The code in this repo implements a self-supervised audio-visual correlation model based on contrastive learning. The model has been trained and evaluated on VGGSound dataset. This model can be used to recommend sounds correlated with the objects/scenes in video frames/images, as described in the above paper.
- download the vggsound dataset
- generate visual frames from the video (using ffmpeg, at 1 frame per second).
- generate corresponding audio frames (using ffmeg)
- generate filterbank audio features for each audio sample (using librosa).
- create train/test list from the vggsound dataset. See the files in the misc/ folder. Sample lists are in the lists/ folder.
-
modify the paths and configuration, if needed in config.py
-
modify the path to the vggsound video frames and audio data in the files in the /data folder. This folder has the data loader and dataset implementation for vggsound.
-
the models are in the models/folder. The model is a 2-stream deep convolutional model enhanced with multiple attention layers. It takes as input a pair of (image, filterbank audio feature generated from the audio). Audio and visual input that are temporally aligned in the original video form a positive pair while audio and visual input from different time segments form a negative pair. The model is trained using contrastive loss.
-
To train, run: python main_vggsound.py
-
modify the paths and configuration, if needed in eval_config.py.

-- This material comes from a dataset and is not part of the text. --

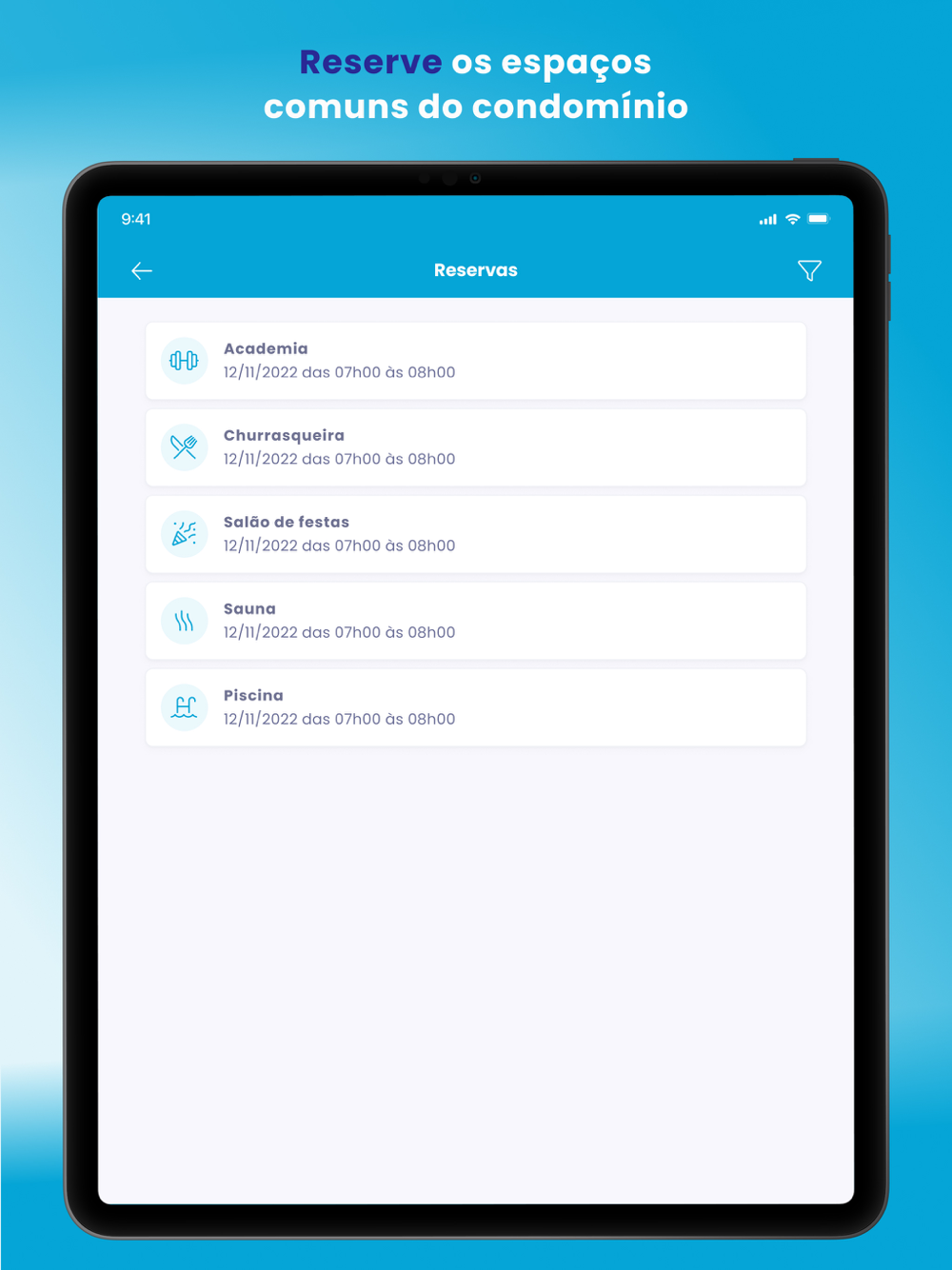 • RESERVAS: Moradores realizam reservas dos espaços comuns (churrasqueiras, salão de festas…) através do app Grupo Peres. Chega de ligar na portaria ou síndico para consultar a agenda dos espaços.
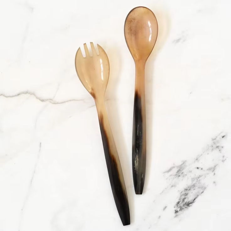 ชุดช้อนส้อมมีกระจกเงาแบบแบนช้อนเขาควายธรรมชาติขัดเงาสำหรับตกแต่งโต๊ะในร้านอาหารสไตล์สัตว์ไม่เหมือนใคร

- set the path to the trained model in this file.
- provide the audio list and visual frames for which sound recommendations need to be generated. See the files in the lists/ folder.
- provide the path to the output file
-
To evaluate, run: python main_eval_reco.py
- the evaluation code is in eval_self_super_av.py.
- to generate sound recommendations, the code first generates the audio and visual embeddings for the input using the trained contrastive model and finds the top-k audio samples that are best correlated with the visual input, based on euclidean distance.
-
the top-k sound recommendations for input image/frame will be generated as a json file.